EXERCISE OBJECTIVE: Your task is to copy the stretch of lines in the records below that begins with the line containing "Keynote speech in" and ends with the line containing "In this track, speeches", exactly as written, with nothing added.

===== EXCERPTED DATA

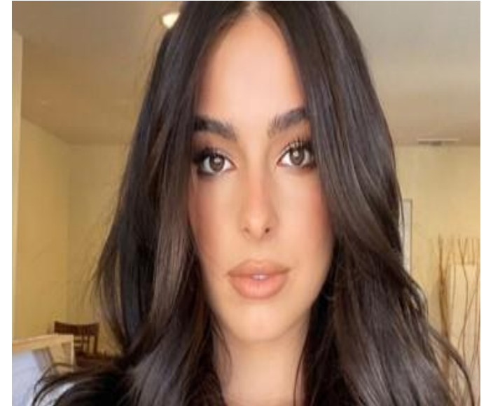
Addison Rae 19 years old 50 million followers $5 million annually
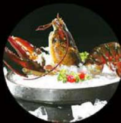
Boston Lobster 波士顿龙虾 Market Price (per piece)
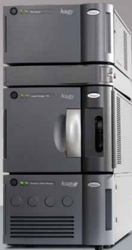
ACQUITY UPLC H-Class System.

==========
===== EXCERPTED DATA

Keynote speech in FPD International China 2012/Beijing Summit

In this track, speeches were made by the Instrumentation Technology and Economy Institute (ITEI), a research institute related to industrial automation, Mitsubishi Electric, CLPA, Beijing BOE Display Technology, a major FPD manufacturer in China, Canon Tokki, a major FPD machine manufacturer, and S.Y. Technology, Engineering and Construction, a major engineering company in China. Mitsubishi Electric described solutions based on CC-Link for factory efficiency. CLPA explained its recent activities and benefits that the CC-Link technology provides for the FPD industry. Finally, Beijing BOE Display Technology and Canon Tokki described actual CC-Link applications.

==========

COMPLETED TASK:
Keynote speech in FPD International China 2012/Beijing Summit

In this track, speeches were made by the Instrumentation Technology and Economy Institute (ITEI), a research institute related to industrial automation, Mitsubishi Electric, CLPA, Beijing BOE Display Technology, a major FPD manufacturer in China, Canon Tokki, a major FPD machine manufacturer, and S.Y. Technology, Engineering and Construction, a major engineering company in China. Mitsubishi Electric described solutions based on CC-Link for factory efficiency. CLPA explained its recent activities and benefits that the CC-Link technology provides for the FPD industry. Finally, Beijing BOE Display Technology and Canon Tokki described actual CC-Link applications.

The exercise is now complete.